1. O Premave is a 2018 Indian Kannada-language romantic drama film directed by Manoj Kumar and starring himself and Nikki Galrani.

== Cast ==
- Manoj Kumar as Rahul
- Nikki Galrani as Anjali
- Apoorva
- Rangayana Raghu
- Sadhu Kokila
- Prashanth Siddi
- Huccha Venkat in a cameo appearance

== Production ==
The film is directed by Manoj Kumar, who starred in Moggina Manasu. The film is based on a true story. The film was shot in Bengaluru, Mangalore, Mysore, and the song "Gari Gedari" was shot in Switzerland. Nikki Galrani, who was last seen in Kanna with the film Sidhartha, portrays the lead actress. Femina Miss India 2016 South finalist Apoorva Rai was signed to play a role in the film.

== Soundtrack ==
The songs were composed by Anand Rajavikram and Rahul Dev.

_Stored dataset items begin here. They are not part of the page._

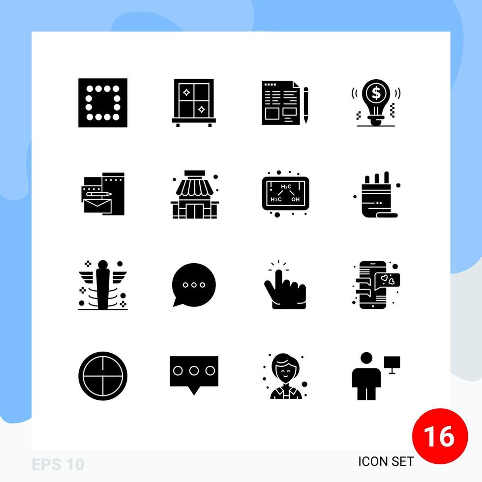 Mobile Interface Solid Glyph Set of 16 Pictograms of building identity idea branding solution Editable Vector Design Elements
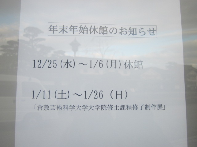 入口の掲示を見ると、年始も6日まで休館とのことで、ちょっと年末年始の訪問時にはお勧めできない美術館だと思います。
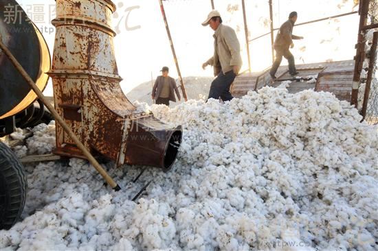 2013年10月26日,棉农在新疆哈密西戈壁棉花收购点上交售的新棉。
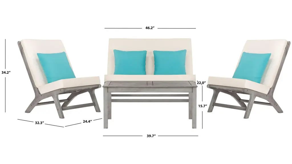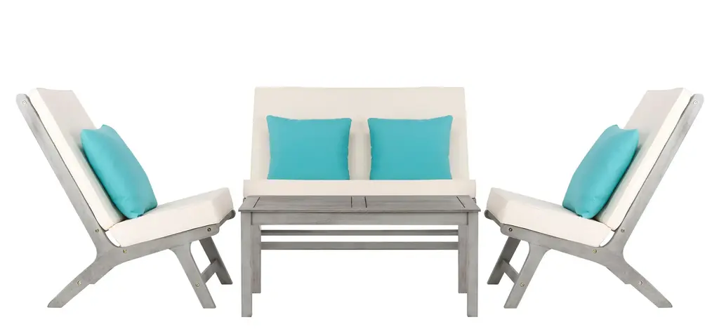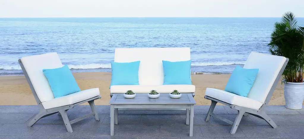 Alive with surf and sand, Sao Paulo's legendary beaches inspired this Micha 4-pc. Patio Set. Crafted in a natural finish, its clean lines and plush upholstery is ideal for afternoon lounging by the pool. Also includes accent pillows in a complimentary color.
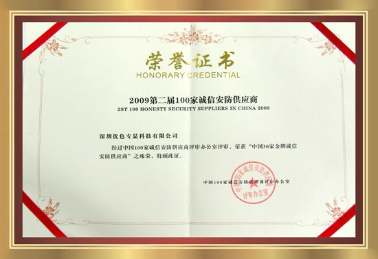 誠信安防供應商證書(shū)
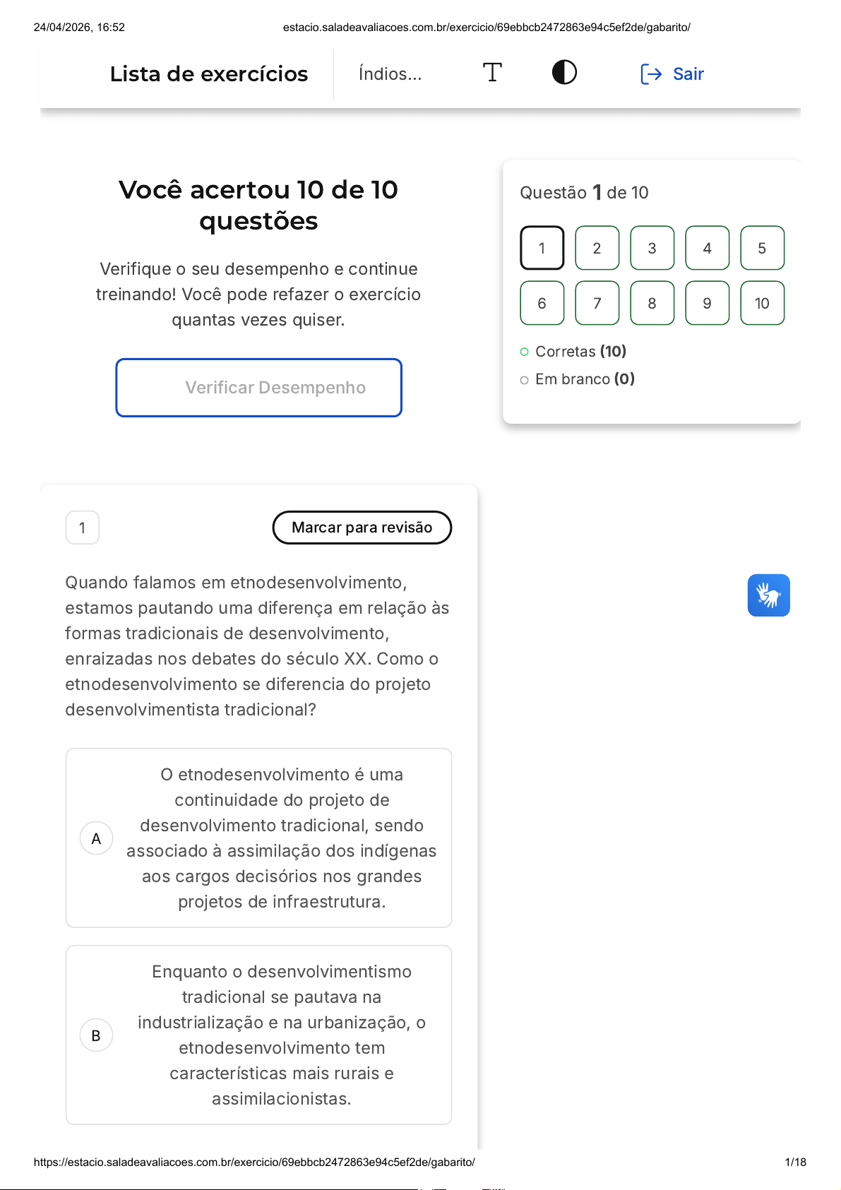 Você acertou 10 de 10 questões Verifique o seu desempenho e continue treinando! Você pode refazer o exercício quantas vezes quiser. Verificar Desempenho A B 1 Marcar para revisão Quando falamos em etnodesenvolvimento, estamos pautando uma diferença em relação às formas tradicionais de desenvolvimento, enraizadas nos debates do século XX. Como o etnodesenvolvimento se diferencia do projeto desenvolvimentista tradicional? O etnodesenvolvimento é uma continuidade do projeto de desenvolvimento tradicional, sendo associado à assimilação dos indígenas aos cargos decisórios nos grandes projetos de infraestrutura. Enquanto o desenvolvimentismo tradicional se pautava na industrialização e na urbanização, o etnodesenvolvimento tem características mais rurais e assimilacionistas. Questão 1 de 10 Corretas (10) Em branco (0) 1 2 3 4 5 6 7 8 9 10 Lista de exercícios Índios… Sair 24/04/2026, 16:52 estacio.saladeavaliacoes.com.br/exercicio/69ebbcb2472863e94c5ef2de/gabarito/ https://estacio.saladeavaliacoes.com.br/exercicio/69ebbcb2472863e94c5ef2de/gabarito/ 1/18 C D E O etnodesenvolvimento diz respeito a um projeto de unificar as etnias em torno de um projeto de desenvolvimento comum, enquanto o projeto de desenvolvimento tradicional considerava que todas as etnias eram iguais. O etnodesenvolvimento preconiza a autonomia de cada população indígena para definir os rumos do seu próprio projeto de desenvolvimento, ao contrário do projeto de desenvolvimento tradicional que era único para o Brasil inteiro. Enquanto o desenvolvimentismo se pauta na construção de grandes projetos de infraestrutura, o etnodesenvolvimento lida com as questões trazidas pela assimilação étnica dos povos indígenas, sobretudo sua incorporação no mercado de terras. Resposta correta Parabéns, você selecionou a alternativa correta. Confira o gabarito comentado! Gabarito Comentado O etnodesenvolvimento se diferencia do desenvolvimentismo tradicional principalmente pela autonomia que concede a cada população indígena para definir os rumos do seu próprio projeto de desenvolvimento. Isso contrasta com o projeto de desenvolvimento tradicional, que propõe uma única trajetória de 24/04/2026, 16:52 estacio.saladeavaliacoes.com.br/exercicio/69ebbcb2472863e94c5ef2de/gabarito/ https://estacio.saladeavaliacoes.com.br/exercicio/69ebbcb2472863e94c5ef2de/gabarito/ 2/18 A B C desenvolvimento para todo o Brasil. Portanto, a alternativa D é a correta, pois reflete essa diferença fundamental entre o etnodesenvolvimento e o desenvolvimentismo tradicional. 2 Marcar para revisão Nas terminologias dos debates intelectuais, muitas vezes nos deparamos com conceitos que apresentam sentidos diferentes dependendo do contexto em que são enunciados. Por que podemos falar em pensamento colonial no contexto brasileiro do século XX mesmo como país já independente? O termo colonial traz em si um sentido literal associado ao processo de transformação tecnológica em curso no século XX. O termo colonial se refere especificamente às práticas jurídicas herdadas do Brasil colônia que ainda vigoravam no século XX. O termo colonial possui também um caráter figurado que se associa a uma visão específica de modernidade em voga no Brasil do século XX. 24/04/2026, 16:52 estacio.saladeavaliacoes.com.br/exercicio/69ebbcb2472863e94c5ef2de/gabarito/ https://estacio.saladeavaliacoes.com.br/exercicio/69ebbcb2472863e94c5ef2de/gabarito/ 3/18 D E O termo colonial não se restringe às práticas jurídico-políticas, mas também engloba um arcabouço de desenvolvimento associado à valorização do indígena a partir do século XX. O termo colonial trata também das formas de desenvolvimentismo modernas, tais como o etnodesenvolvimento. Resposta correta Parabéns, você selecionou a alternativa correta. Confira o gabarito comentado! Gabarito Comentado O termo "colonial" não se limita apenas às formas jurídicas associadas às relações entre colônias e metrópoles. Ele se estende a todas as formas de reprodução dessas hierarquias de poder. Portanto, o pensamento colonial é também aquele associado aos projetos de modernização e assimilação étnica. O que é identificado como pensamento colonial sempre envolve a enunciação da verdade a partir de um não lugar, ou seja, o valor do que é dito é considerado universal. A guinada decolonial, por sua vez, se propõe a enfatizar a raiz do enunciador e tratar o que é dito como uma possibilidade entre muitas, todas igualmente válidas. Portanto, a alternativa C é a correta, pois ela reconhece que o termo colonial possui um caráter figurado que se associa a uma 24/04/2026, 16:52 estacio.saladeavaliacoes.com.br/exercicio/69ebbcb2472863e94c5ef2de/gabarito/ https://estacio.saladeavaliacoes.com.br/exercicio/69ebbcb2472863e94c5ef2de/gabarito/ 4/18 A B C visão específica de modernidade em voga no Brasil do século XX. 3 Marcar para revisão Quando voltamos ao século XIX, no contexto da independência, nos deparamos com debates indigenistas que permeiam as questões centrais da época, em particular os debates sobre a formação do Brasil enquanto nação. Por que a multiplicidade de nações indígenas é entendida como um entrave ao projeto nacional do século XIX? Porque o nacionalismo do século XIX necessitava refinar o aparato jurídico das monarquias do Antigo Regime no qual as nações indígenas não tinham espaço. Porque um dos pilares do nacionalismo do século XIX é a unidade nacional constituída a partir da unidade do povo em termos socioculturais. Porque a multiplicidade das nações indígenas criava uma dificuldade maior no estabelecimento de instituições republicanas como o Parlamento. 24/04/2026, 16:52 estacio.saladeavaliacoes.com.br/exercicio/69ebbcb2472863e94c5ef2de/gabarito/ https://estacio.saladeavaliacoes.com.br/exercicio/69ebbcb2472863e94c5ef2de/gabarito/ 5/18 D E Porque a construção da nação brasileira precisava garantir a integridade
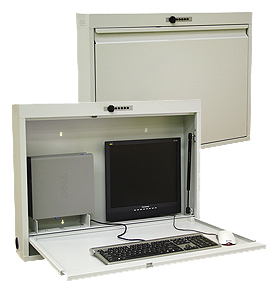 This full-size wall desk provides a solution for your information technology storage and security needs. This versatile workstation has ample space for CPU, monitor, keyboard & mouse. Colors: beige & light grey (Contact Franklin Mills for custom color options). Construction: heavy gauge steel, Size: 241⁄2"H x 32"W x 6"D. Contact Franklin Mills for special pricing.
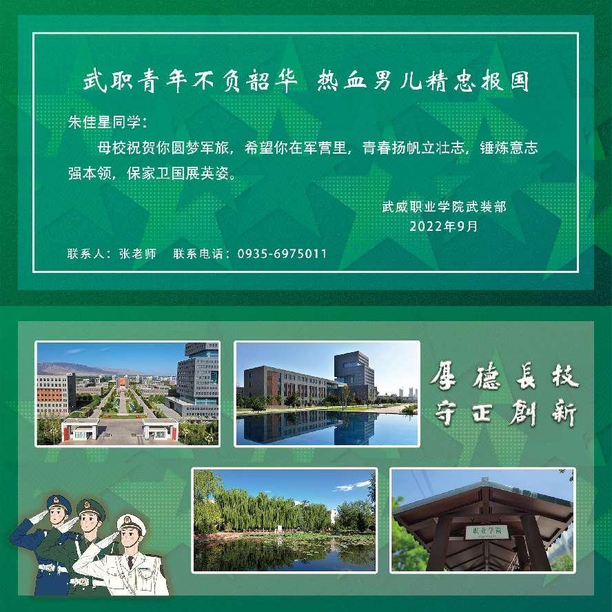 金鑫代表涼州區(qū)人武部和兵役機關,感謝武威職業(yè)學院多年來一直對征兵工作的大力支持,感謝學校為部隊輸送優(yōu)秀青年,并要求入伍大學生,嚴格訓練,做好從學生到戰(zhàn)士的迅速轉變,早日成為一名合格的人民子弟兵。
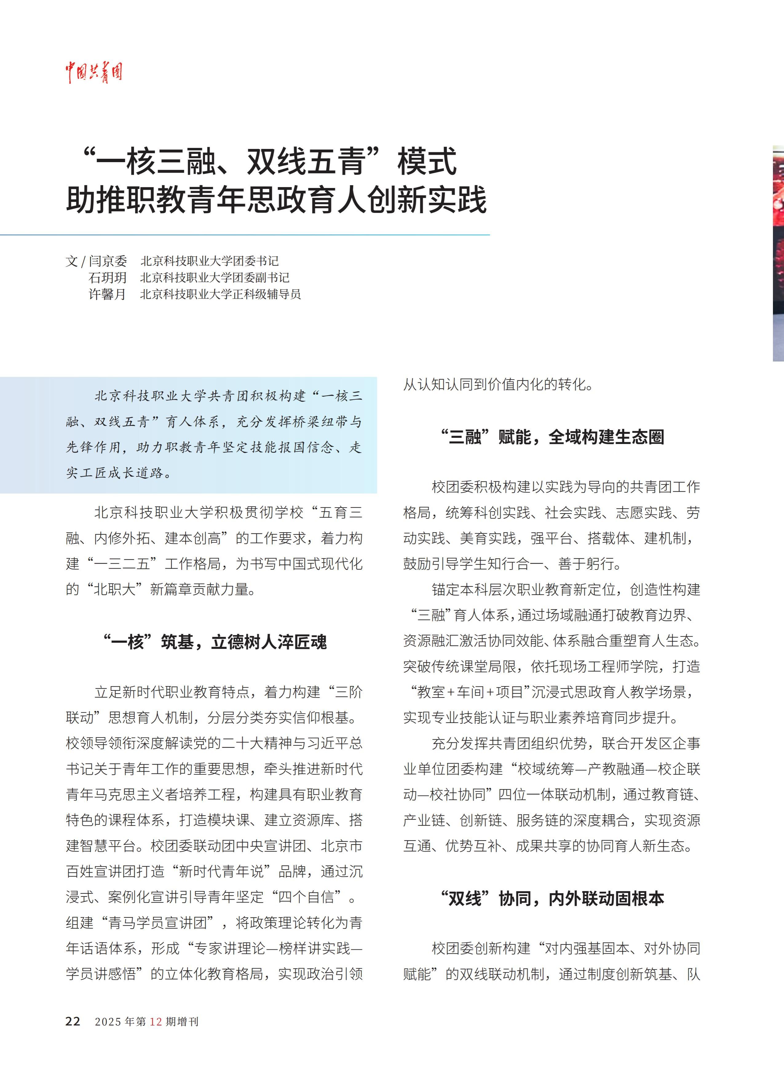 近日,《中国共青团》杂志2025年第12期增刊刊载BEAT365《“一核三融、双线五青”模式,助推职教青年思政育人创新实践》和《“聚力先锋”志愿服务项目》两篇文章,与清华大学并列成为“青春领航”栏目“实践案例+品牌项目”双收录高校。同时,本期封面聚焦科技创新、乡村振兴、绿色发展、社会服务和卫国戍边等领域的北京青年典型,BEAT365航空工程学院军士生司浩田作为卫国戍边方向的学生代表,荣登封面人物。
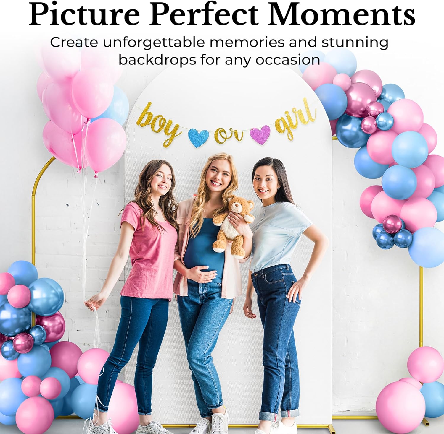 • BE PHOTO-READY INSTANTLY by placing the white spandex covers on the gold arches backdrop. To make your event unforgettable, dress up your party arch backdrop stand with flowers, leaves, lights, or balloons and watch your vision become reality
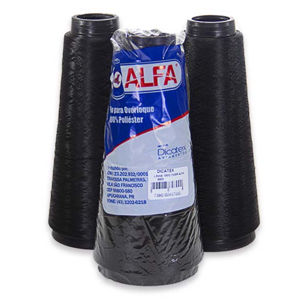 - FIO OVERLOCK, COR PRETA, 100% POLIÉSTER TEXTURIZADO, MARCA ALFA, CONE COM 100 GRAMAS.
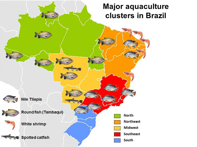 La principal especie acuícola en Brasil, con 260.000 TM producidas en 2014, 31 por ciento más que en 2011, según los datos de ACQUA IMAGEM. La producción de tilapia creció a un promedio del 14,2 por ciento al año en la última década. Los grupos principales de tilapia se encuentran en el Estado de Paraná Occidental (cultivo en estanques) y en los embalses del nordeste y sudeste de Brasil (cultivo en jaulas). En el noreste de Brasil, los principales grupos de tilapia se encuentran a lo largo del curso del Río San Francisco (Lagos Sobradinho, Itaparica, Moxotó y Xingó) y el Río Jaguaribe (Lagos Castanhão y Orós).
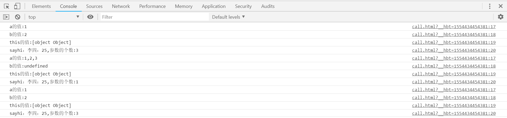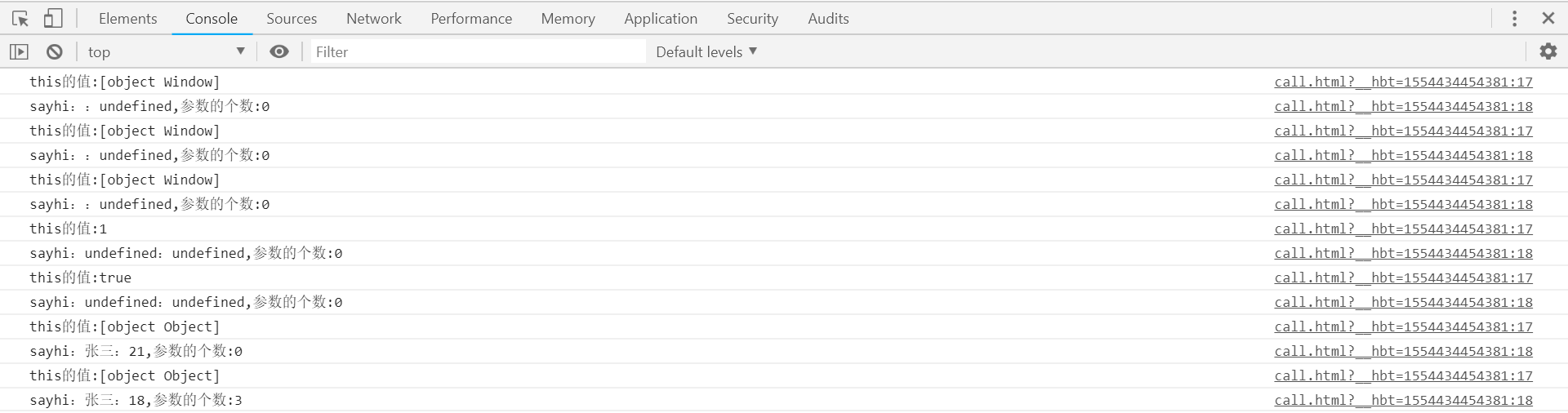 console.log("sayhi:" + this.name + ":" + this.age + ",参数的个数:" + arguments.length);

| No. | Title | Singer(s) | Length |
|---|---|---|---|
| 1. | "Husi Nage" | Anjana Selvakumar, Rahul Dev | 4:38 |
| 2. | "Gari Gedari" | Sonu Nigam, Shreya Ghoshal | 4:52 |
| 3. | "Nee Baradiru" | Vijay Prakash | 3:56 |
| 4. | "Anuraaga" | Rithisha Padmanabh | 2:26 |
| 5. | "Sa Ri Ga Ma Pa" | Tippu | 4:44 |
| 6. | "Booze Maad De Iro" | Vijay Prakash, Shilpa | 3:57 |
| Total length: |  |  | 24:33 |

== Reception ==
The Times of India gave the film two out of five stars and wrote that "This film can be a choice for those who want an old-fashioned love story, with the hero being the one who uploads all things idealistic". The News Minute wrote that "At the end of the day, if you’re looking for a well-crafted romance with relatable characters, #O Premave is not it".